• _Data for this task_
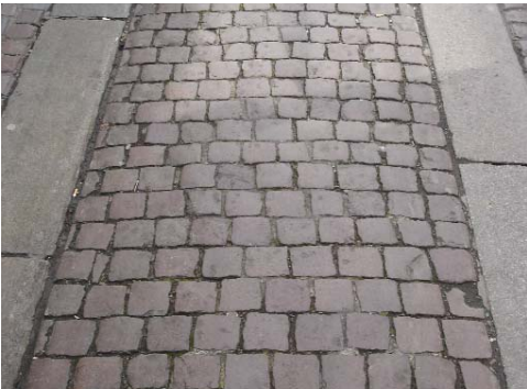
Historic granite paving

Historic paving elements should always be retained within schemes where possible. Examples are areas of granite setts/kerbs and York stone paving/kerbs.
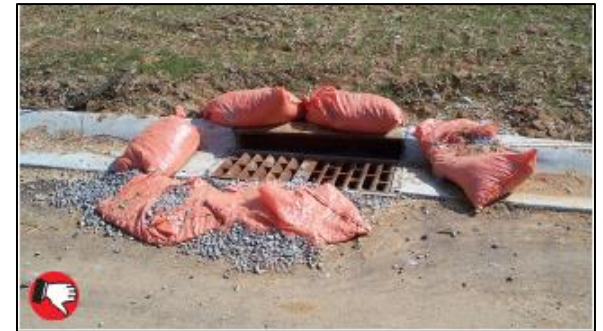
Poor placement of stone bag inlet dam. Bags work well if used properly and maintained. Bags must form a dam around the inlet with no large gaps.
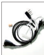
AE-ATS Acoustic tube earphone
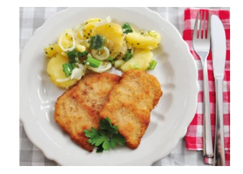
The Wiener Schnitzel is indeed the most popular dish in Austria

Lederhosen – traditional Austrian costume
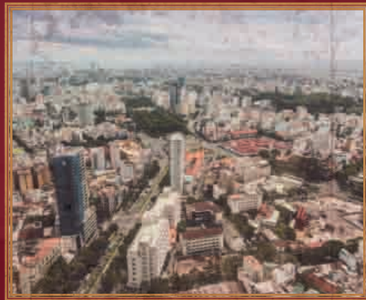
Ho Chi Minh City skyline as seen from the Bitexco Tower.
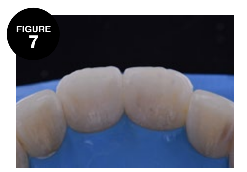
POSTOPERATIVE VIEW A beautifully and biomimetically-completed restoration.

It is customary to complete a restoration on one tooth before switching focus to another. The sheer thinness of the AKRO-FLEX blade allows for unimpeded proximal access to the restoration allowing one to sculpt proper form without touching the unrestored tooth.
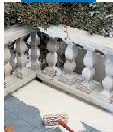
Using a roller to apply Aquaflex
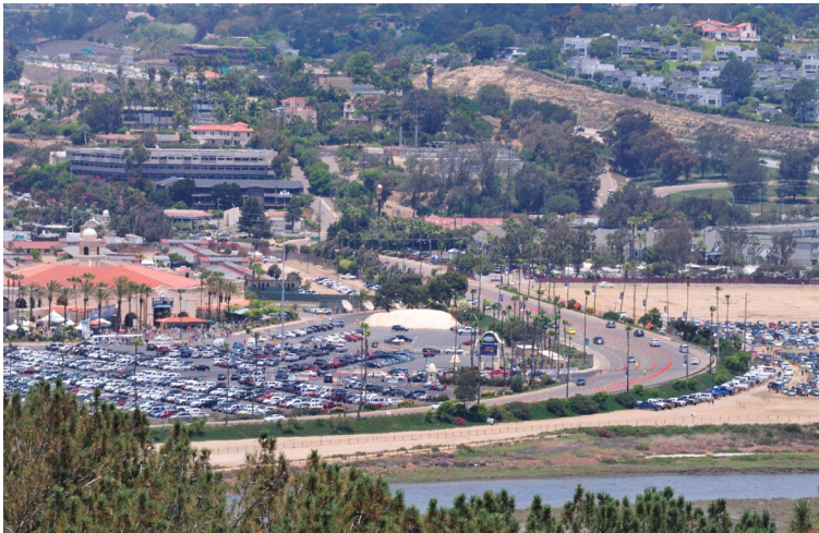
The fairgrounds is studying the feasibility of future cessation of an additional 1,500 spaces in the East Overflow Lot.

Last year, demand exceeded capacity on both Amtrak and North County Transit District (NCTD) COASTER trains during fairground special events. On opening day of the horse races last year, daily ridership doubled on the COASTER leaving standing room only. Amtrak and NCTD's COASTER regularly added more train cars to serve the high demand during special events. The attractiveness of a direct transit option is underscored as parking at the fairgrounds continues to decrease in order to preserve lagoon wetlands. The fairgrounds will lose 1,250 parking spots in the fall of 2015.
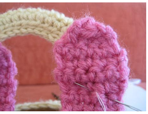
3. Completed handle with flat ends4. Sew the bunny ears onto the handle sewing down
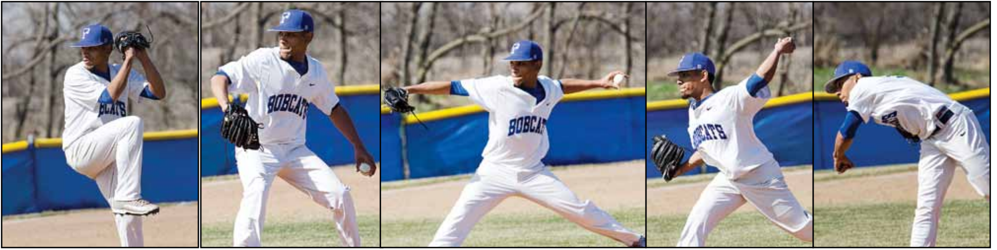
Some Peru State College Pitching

---

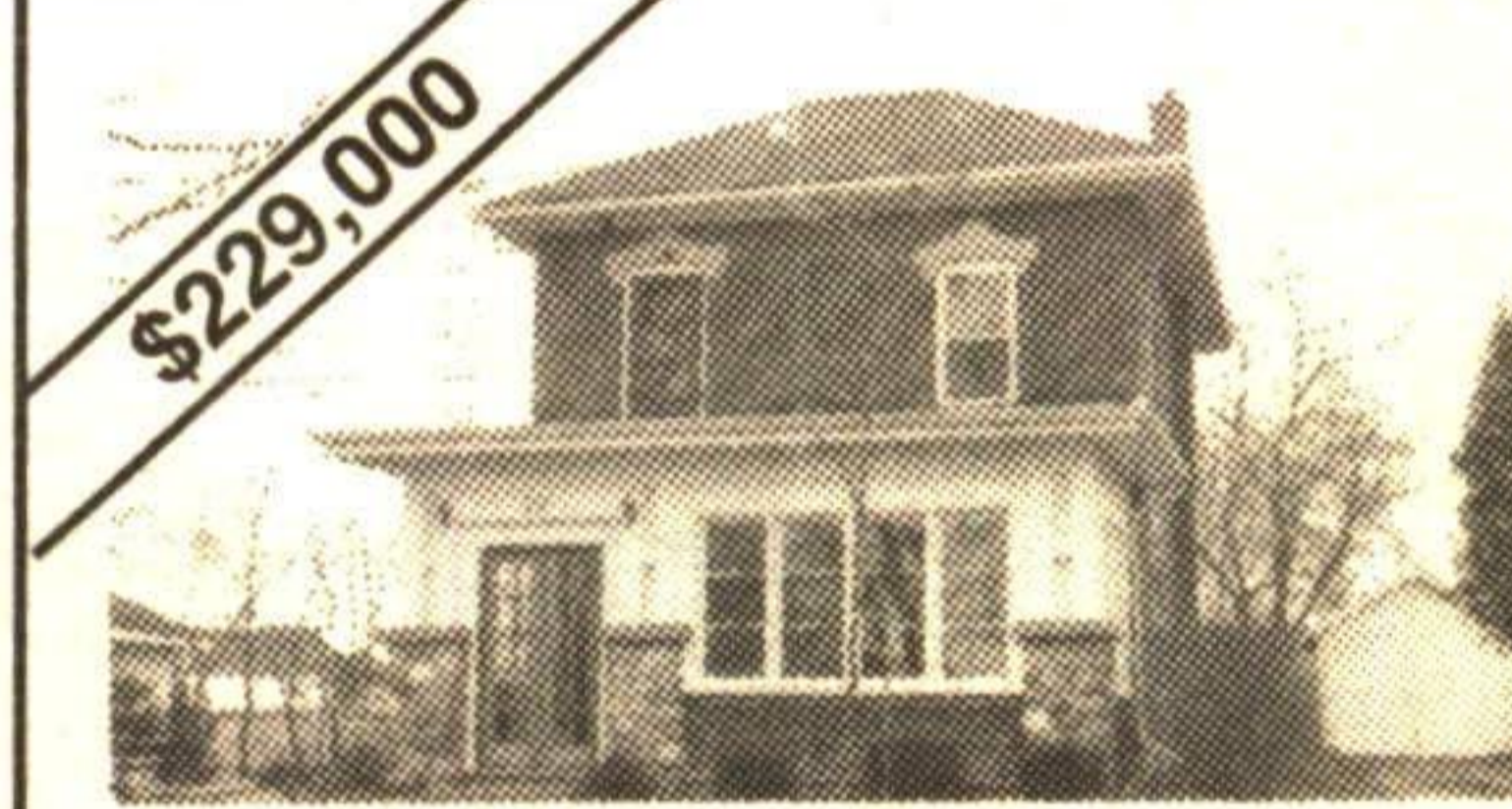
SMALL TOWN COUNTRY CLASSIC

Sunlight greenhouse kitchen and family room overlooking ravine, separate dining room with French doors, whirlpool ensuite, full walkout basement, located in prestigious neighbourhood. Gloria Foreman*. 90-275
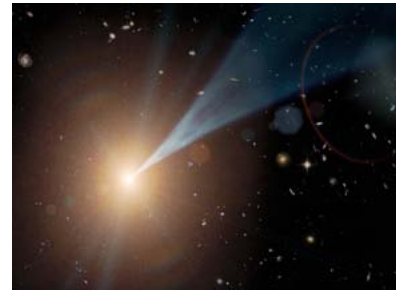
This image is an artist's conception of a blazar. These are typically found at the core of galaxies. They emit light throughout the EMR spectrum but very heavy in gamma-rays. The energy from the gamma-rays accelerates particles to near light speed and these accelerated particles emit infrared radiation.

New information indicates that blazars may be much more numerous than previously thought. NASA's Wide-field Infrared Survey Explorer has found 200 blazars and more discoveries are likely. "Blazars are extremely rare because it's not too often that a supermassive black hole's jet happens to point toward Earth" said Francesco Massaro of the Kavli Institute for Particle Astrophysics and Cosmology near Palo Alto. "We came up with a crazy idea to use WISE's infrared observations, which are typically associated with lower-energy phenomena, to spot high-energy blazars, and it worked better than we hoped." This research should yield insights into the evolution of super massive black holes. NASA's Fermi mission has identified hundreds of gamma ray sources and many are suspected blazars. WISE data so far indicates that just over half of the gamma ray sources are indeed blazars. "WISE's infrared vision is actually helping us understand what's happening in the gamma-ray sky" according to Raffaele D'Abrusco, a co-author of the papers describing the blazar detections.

* * *

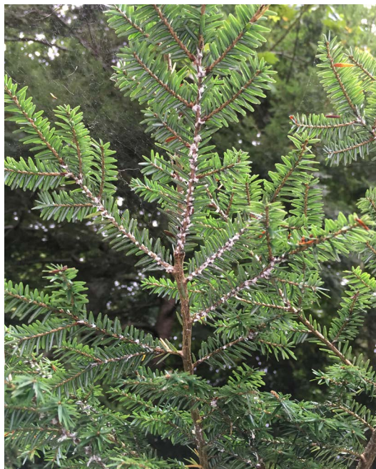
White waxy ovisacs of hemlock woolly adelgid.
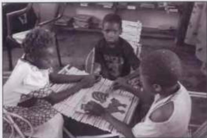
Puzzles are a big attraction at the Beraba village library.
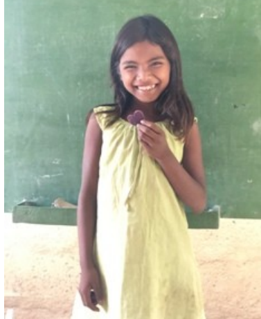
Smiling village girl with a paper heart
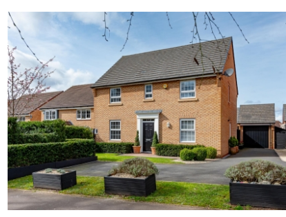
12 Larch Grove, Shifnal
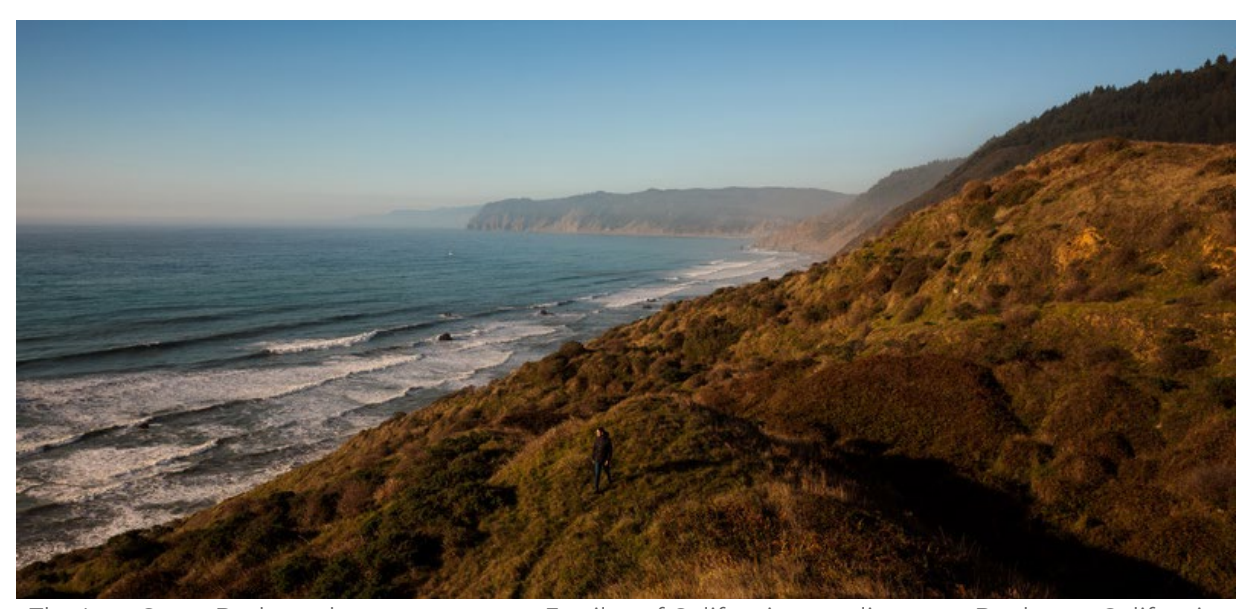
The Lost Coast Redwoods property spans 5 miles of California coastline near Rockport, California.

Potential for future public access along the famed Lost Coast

• _Exercise objective_
Beginning at the line that has "White waxy ovisacs of hemlock woolly adelgid." and ending at the line that has "Potential for future", restate the listing above word for word, pictures left out.

• _Response_
White waxy ovisacs of hemlock woolly adelgid.
Puzzles are a big attraction at the Beraba village library.
Smiling village girl with a paper heart
12 Larch Grove, Shifnal
The Lost Coast Redwoods property spans 5 miles of California coastline near Rockport, California.

Potential for future public access along the famed Lost Coast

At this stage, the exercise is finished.